Making the Cancellation Call
Published on January 20th, 2016
by Craig Leweck, Scuttlebutt
One of the compelling attributes of Key West Race Week is how rare it is to lose a day of sailing. It hardly ever happens, but that was the case on Tuesday. However, sailing is not the only activity in Key West. Aside from the near-carnival atmosphere of Duval Street, there was a lot of learning going on too.
Amid the luncheon crowd at the Turtle Kraal restaurant, a cast of J/70 experts were projecting photos and video on the wall to highlight proper trim and technique. At the event village, Ed Baird was hosting his standing room only presentation, while further into the venue there was a sit down forum with some of the leading skippers.
Then, of course, there was the Mount Gay Bar. I go for the 3 drinks for $10 package.
Dick Neville, On-the-Water Chair at Key West Race Week, shares the factors that impacted the decision to cancel…
In this world we now live in, 20 knots is considered to be heavy air, and that’s what we saw on the first day of racing on Monday. There were boats with all forms of problems. So when faced with 25 knots and above on Tuesday, we could have had some serious problems.
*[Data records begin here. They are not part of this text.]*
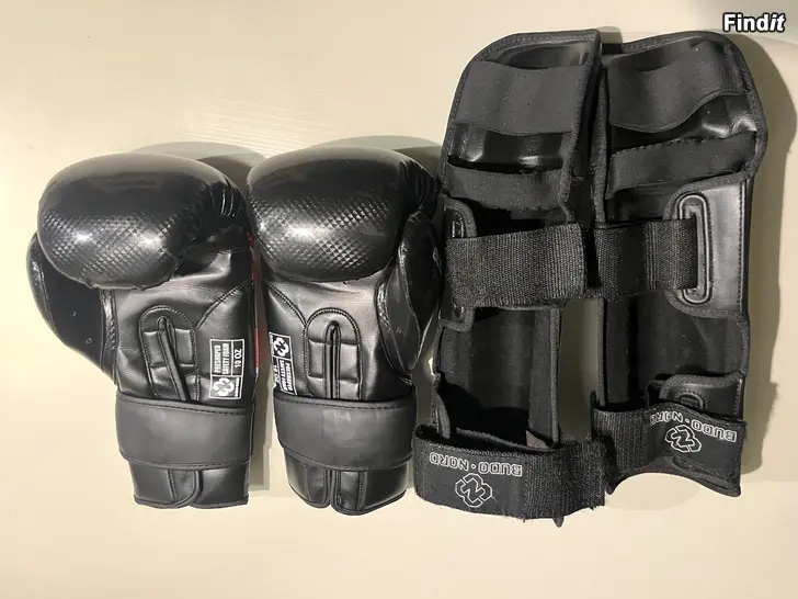Säljes som paket. Fräscha boxningshandskar och benskydd. Märke: Budo Nord. Junior, storlek S. Finns i Jakobstad.
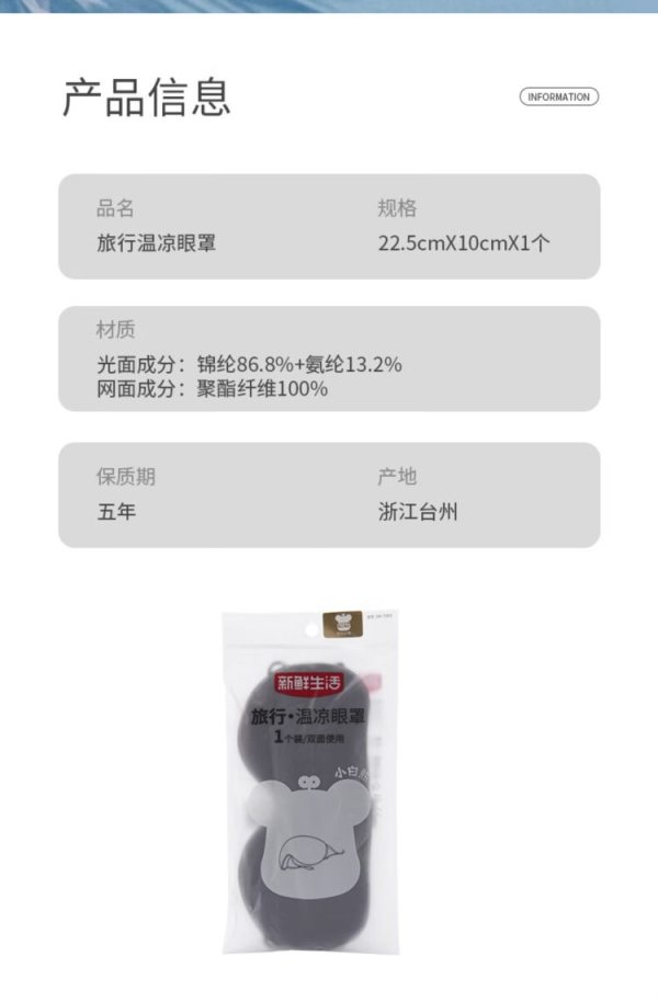 商品名称:新鲜生活 SH-7959 旅行 22.5cm*10cm*1个 温凉眼罩(单位:个)
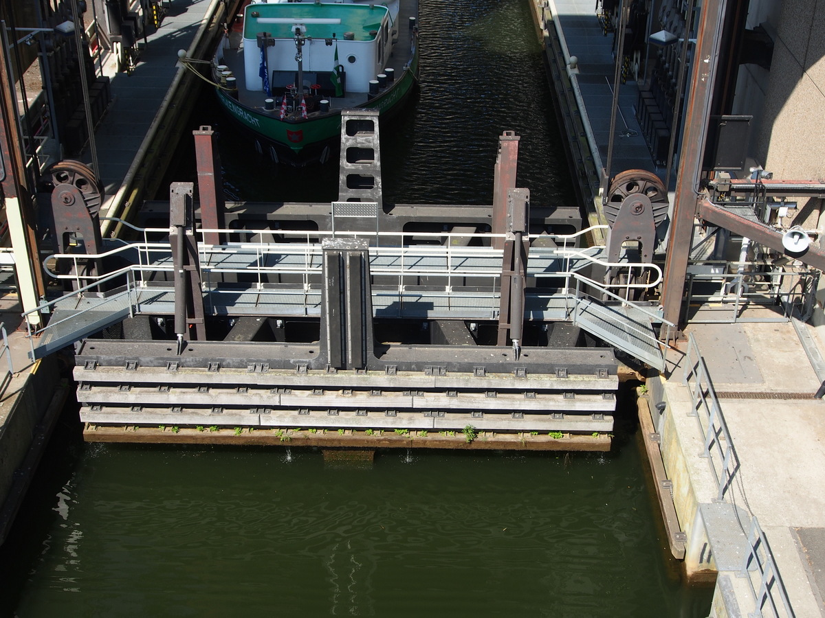 Centrální sloupec vody působí jako píst ve svislém válci. Mohutný ventil se střídavě otevírá a uzavírá podle toho, kolik vody bylo vytlačeno lodí vjíždějící do komory.
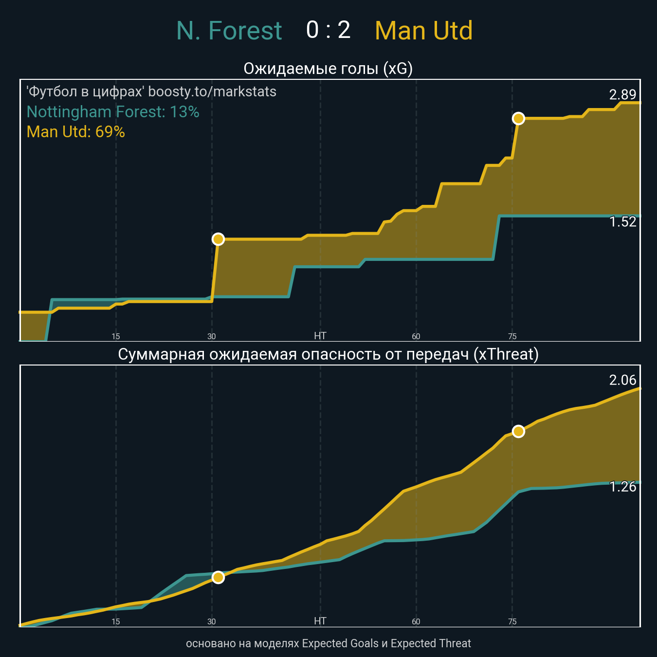 Ожидаемые голы (NPxG): 1.52 - 2.89
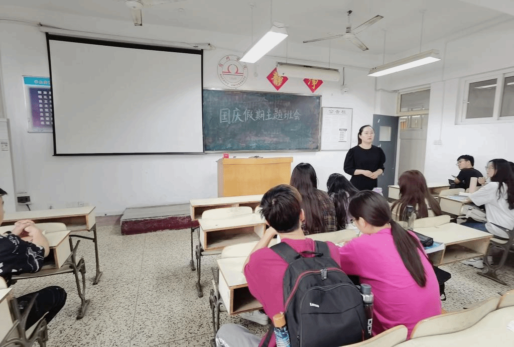 会后,各班级辅导员深入23个班级召开国庆假期安全教育主题班会。
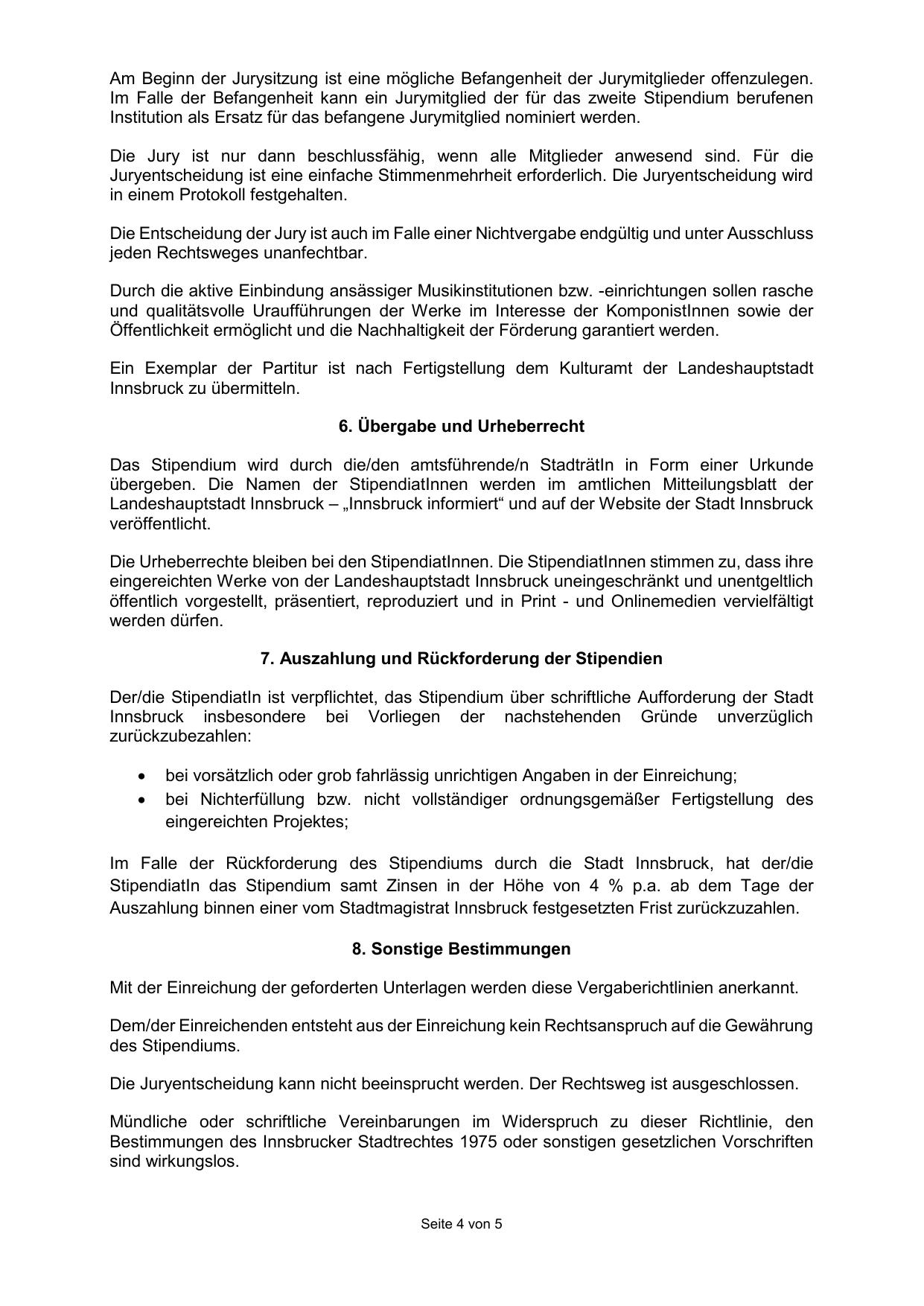 Der/die StipendiatIn ist verpflichtet, das Stipendium über schriftliche Aufforderung der Stadt
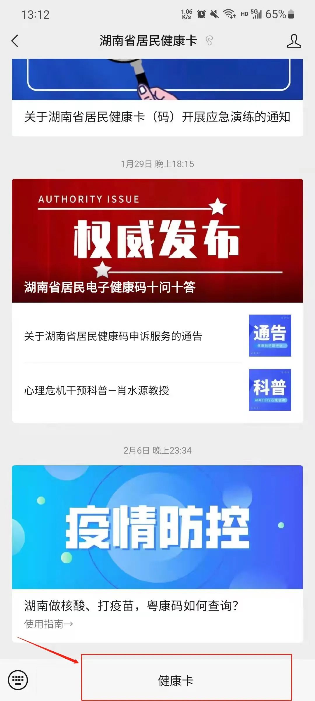 “场所码”申领入口:使用微信打开“湖南省居民健康卡”公众号,点击“健康卡”(图一)进入健康卡首页后点击“便民服务——场所码”(图二)。
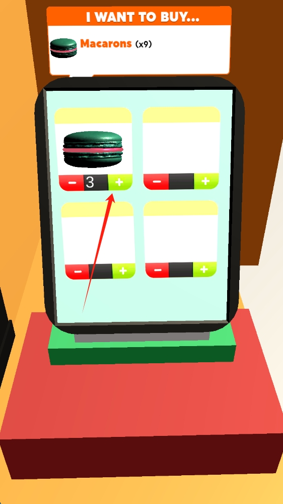 2、在点餐界面,选择马卡龙Macarons数量,根据需求调整,完成点餐,点击增加物品数量。
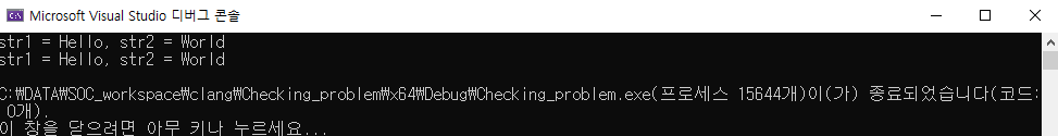 - 상황) 두 개의 문자열 상수를 가르키는 포인트 변수가 있으며, swaping 함수를 통해 두 개의 포인터
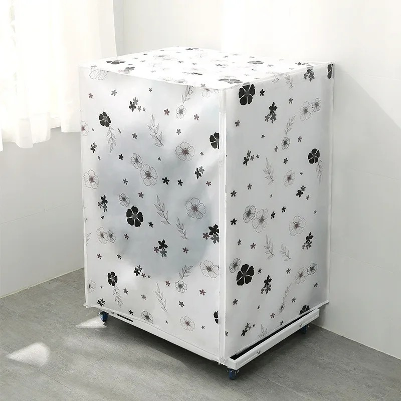 Copertura protettiva per lavatrice 62 x 55 x 86 cm Fiori in bianco e nero Copertura bianco-trasparente con zip per lavatrice a carica frontale
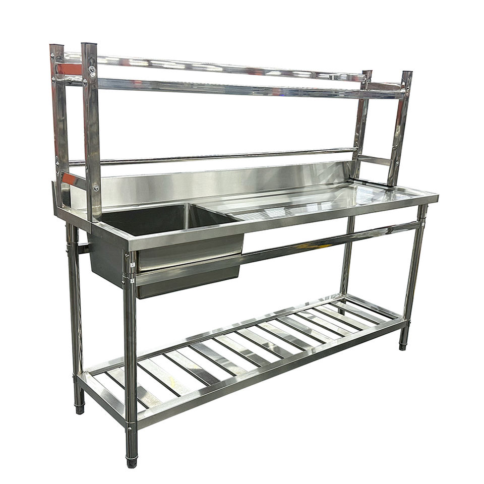 Évier utilitaire autonome en acier inoxydable Évier commercial à une cuvette avec égouttoir et étagères
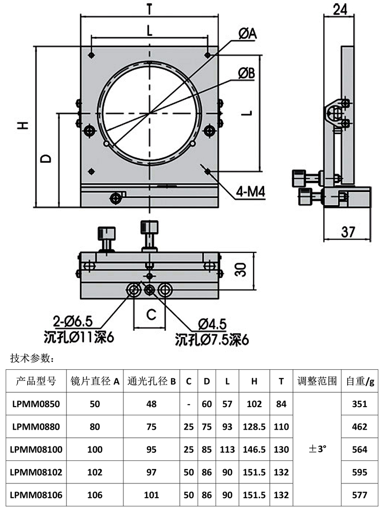 產(chǎn)品詳情 LPMM08系列兩維調(diào)整鏡架 實(shí)驗(yàn)設(shè)備透鏡鏡片固定安裝 在線咨詢 產(chǎn)品詳情 ● 可將鏡片兩維正交共面調(diào)整,光程不變 ● M6×0.25細(xì)牙螺桿調(diào)整(配銅螺母) ● 碟形彈簧復(fù)位,復(fù)位力可調(diào),從零到剛性 ● 配套LPMB13底板安裝,調(diào)整范圍±3° ● 聚四氟乙烯三點(diǎn)剛性支撐鏡片 調(diào)整鏡架可將鏡片進(jìn)行兩維傾斜或多維固定調(diào)整。調(diào)整螺桿采用M6×0.25細(xì)牙 螺桿,提供精細(xì)調(diào)整。根據(jù)不同的鏡片裝卡方式,不同的裝卡直徑,不同的調(diào) 整螺桿,不同的彈性復(fù)位方式分出近百種規(guī)格,廣泛應(yīng)用于與光學(xué)相關(guān)的科研, 教學(xué),工業(yè)產(chǎn)品特別是激光打標(biāo),激光焊接,激光雕刻,激光劃片等激光加工 設(shè)備上。
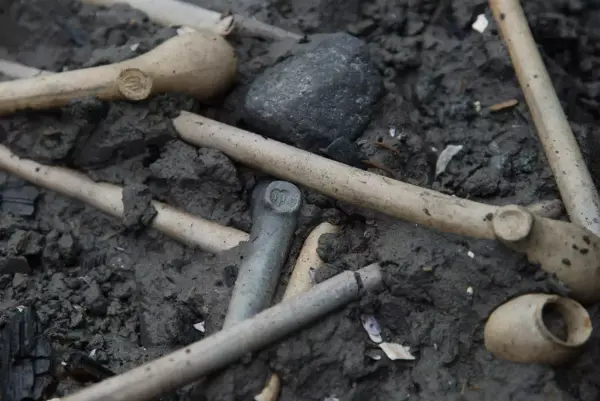 Over tusen brente krittpiper ble funnet sammen med store mengder kull og noen andre brente gjenstander. Brannlaget er knyttet til den store bybrannen i 1624 Norsk Maritimt Museum/Odd Geir Sæther
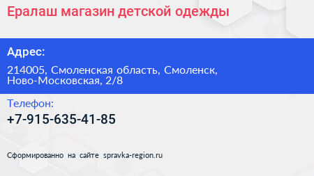 Ералаш, магазин детской одежды по адресу 214005, Смоленская область, Смоленск, Ново-Московская, 2/8 в дальнейшем Организация, размещена в следующих категориях:
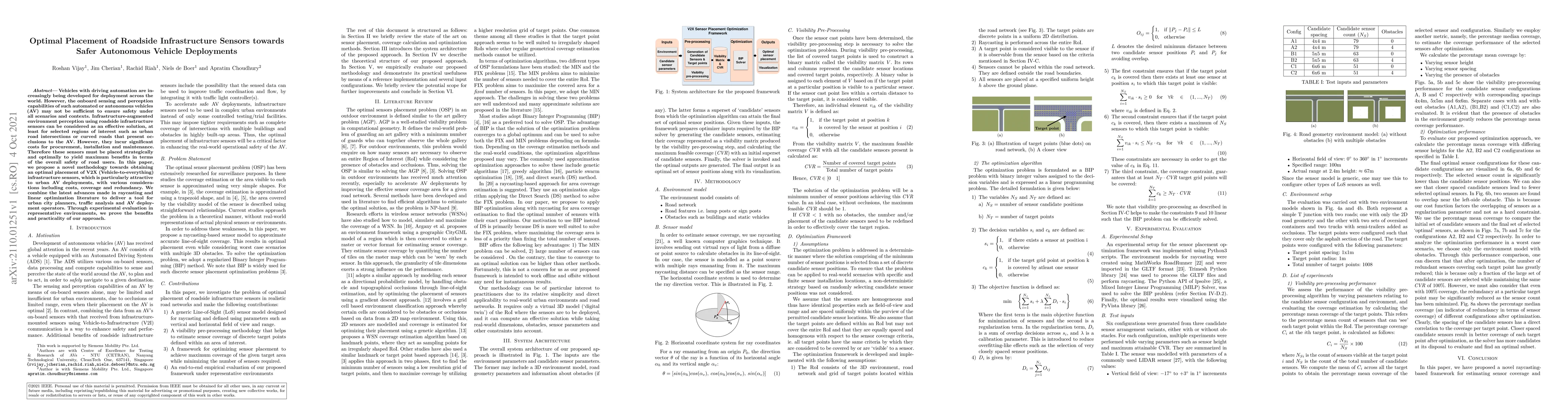 This research is significant as it addresses the challenge of ensuring safety for autonomous vehicles by optimizing the placement of roadside infrastructure sensors, which can complement onboard sensing and perception capabilities. The proposed methodology can help reduce costs associated with procurement, installation, and maintenance of sensors while maximizing overall safety benefits for road users.
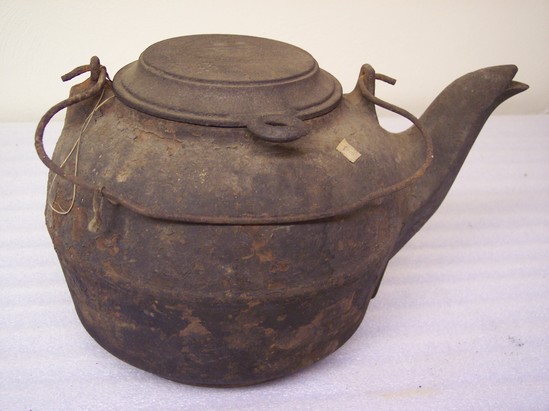 Round stepped bottom for fitting into hole in top of stove. Straight sides with band at neck and rounded top, flowering shaped spout, with step lid flat topped. Two knobs for handle
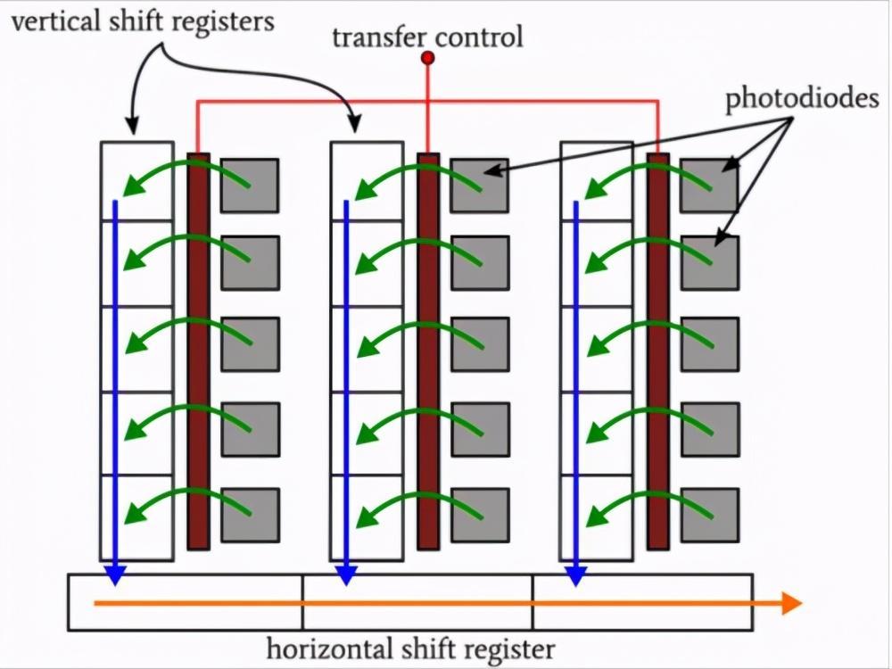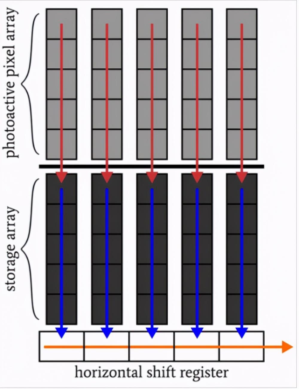在集成之后,用于所有像素的电荷包被快速地传输到存储阵列,然后在存储阵列中发生读出。当读取存储位置时,活动像素可以为下一图像累积电荷,这使得帧传输CCD能够获得比全帧CCD更高的帧速率。
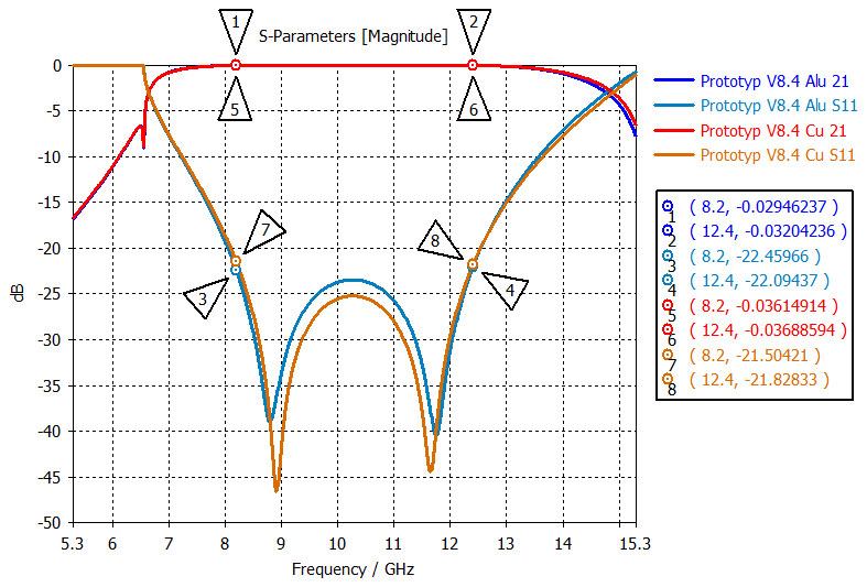 The original WR90 model presented at the beginning is technically modified in a modular design, but still retains its basic form. The only modifications are the new addition of the cover to the flange and the removal of the old guide rails. As the model in the area of wave propagation has remained fundamentally the same, a new simulation of the S-parameters can be started directly by simply changing the conductor material to aluminum. The result of the new S-parameters differs little compared to the previous model with copper as shown in Fig. 12. This fact can be explained by the very good conductivity of aluminum with κAlu36×106 S m−1 (Kark2020) or according to the International Annealed Copper Standard (IACS) ≈64 % of copper conductivity.
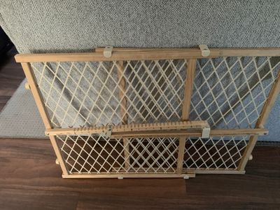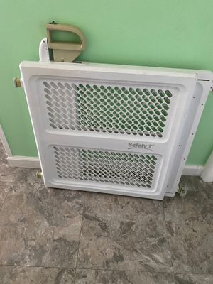 Safety First gate Pressure close on wall Stands 26 inches tall Opens 45 inches Has screws
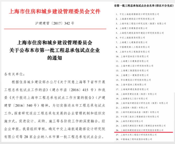 上海经纬被纳入“上海市第一批工程总承包试点企业”;

The truth is that boats these days are not designed to sail in those kinds of conditions. Unfortunately, it appears to be a thing of the past, so we have to take it into consideration.
The bigger boats on Division 1 could have handled the conditions, but they are also pretty high-tech, with plenty of gear that can break and cause harm. While we could have sent that course out, and they might have been okay, the chance of them breaking something and ruining the rest of the week for them was pretty high. That is a situation we’d like to avoid.
With the forecast for Wednesday and Thursday being so good, we felt strongly that we’d be able to get in an extra race to catch up on the schedule by the final day on Friday. With consensus from all the race officers, we made the call just after 10:00am that we’d be cancelling for the day.
Some times when you make that call, the weather switches on you and it becomes a beautiful day. But that wasn’t the case. It was cold, which makes being on the water even more unpleasant. If you aren’t comfortable sailing in heavy air, and a lot of the sailors aren’t, being cold adds to the discomfort. Fortunately for us, the wind continued to build and stayed that way all day, so it proved to be the right call.